**Data extract**

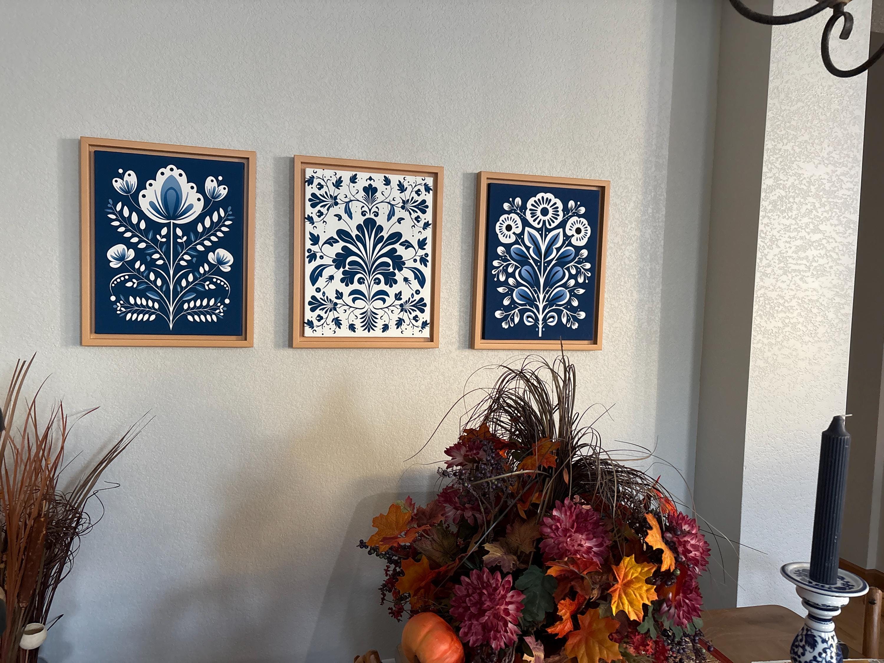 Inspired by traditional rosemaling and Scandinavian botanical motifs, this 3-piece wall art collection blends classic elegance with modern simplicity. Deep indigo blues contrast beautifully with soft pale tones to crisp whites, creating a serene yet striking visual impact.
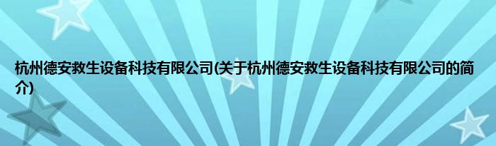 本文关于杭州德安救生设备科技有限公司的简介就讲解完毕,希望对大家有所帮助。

--

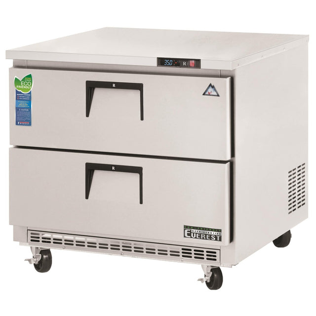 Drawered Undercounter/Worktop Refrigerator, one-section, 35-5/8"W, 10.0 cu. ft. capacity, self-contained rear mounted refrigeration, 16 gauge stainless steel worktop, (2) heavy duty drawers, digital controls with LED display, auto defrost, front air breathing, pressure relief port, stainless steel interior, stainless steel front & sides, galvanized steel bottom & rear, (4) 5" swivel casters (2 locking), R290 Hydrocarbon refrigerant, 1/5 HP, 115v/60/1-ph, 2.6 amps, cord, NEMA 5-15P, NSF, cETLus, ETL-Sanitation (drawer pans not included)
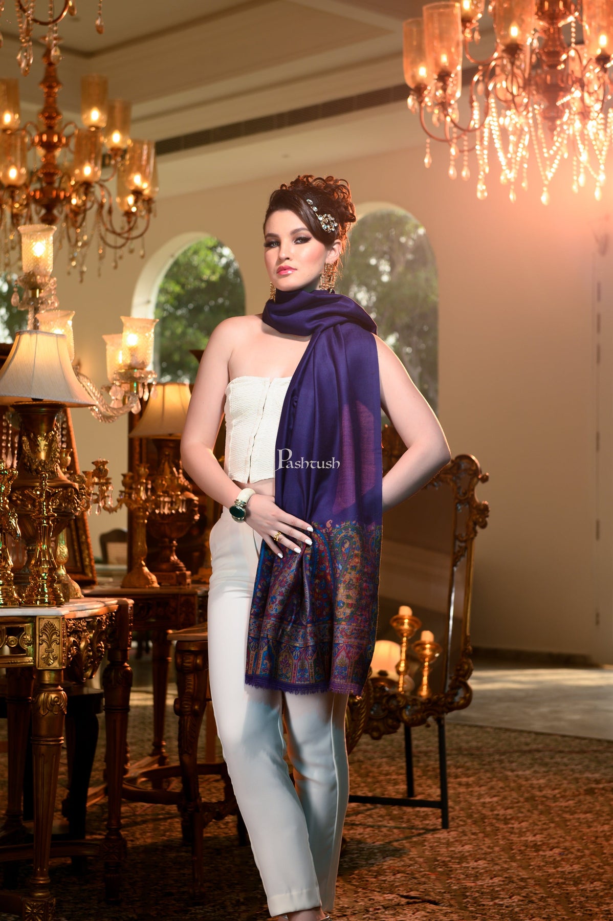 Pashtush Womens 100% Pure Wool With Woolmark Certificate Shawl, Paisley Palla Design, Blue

---

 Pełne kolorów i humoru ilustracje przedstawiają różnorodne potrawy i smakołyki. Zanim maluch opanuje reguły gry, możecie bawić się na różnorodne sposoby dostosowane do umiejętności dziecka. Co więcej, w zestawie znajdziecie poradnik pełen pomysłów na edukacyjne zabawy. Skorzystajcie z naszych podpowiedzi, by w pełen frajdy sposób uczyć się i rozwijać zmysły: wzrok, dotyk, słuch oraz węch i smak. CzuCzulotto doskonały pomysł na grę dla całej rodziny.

**Your objective**
Transcribe exactly the lines above, beginning at the one with "Inspired by traditional" and going up to and including the one with "本文关于杭州德安救生设备科技有限公司的简介就讲解完毕,希望对大家有所帮助。". Pictures do not belong in the copy.

**Answer area**
 Inspired by traditional rosemaling and Scandinavian botanical motifs, this 3-piece wall art collection blends classic elegance with modern simplicity. Deep indigo blues contrast beautifully with soft pale tones to crisp whites, creating a serene yet striking visual impact.
 本文关于杭州德安救生设备科技有限公司的简介就讲解完毕,希望对大家有所帮助。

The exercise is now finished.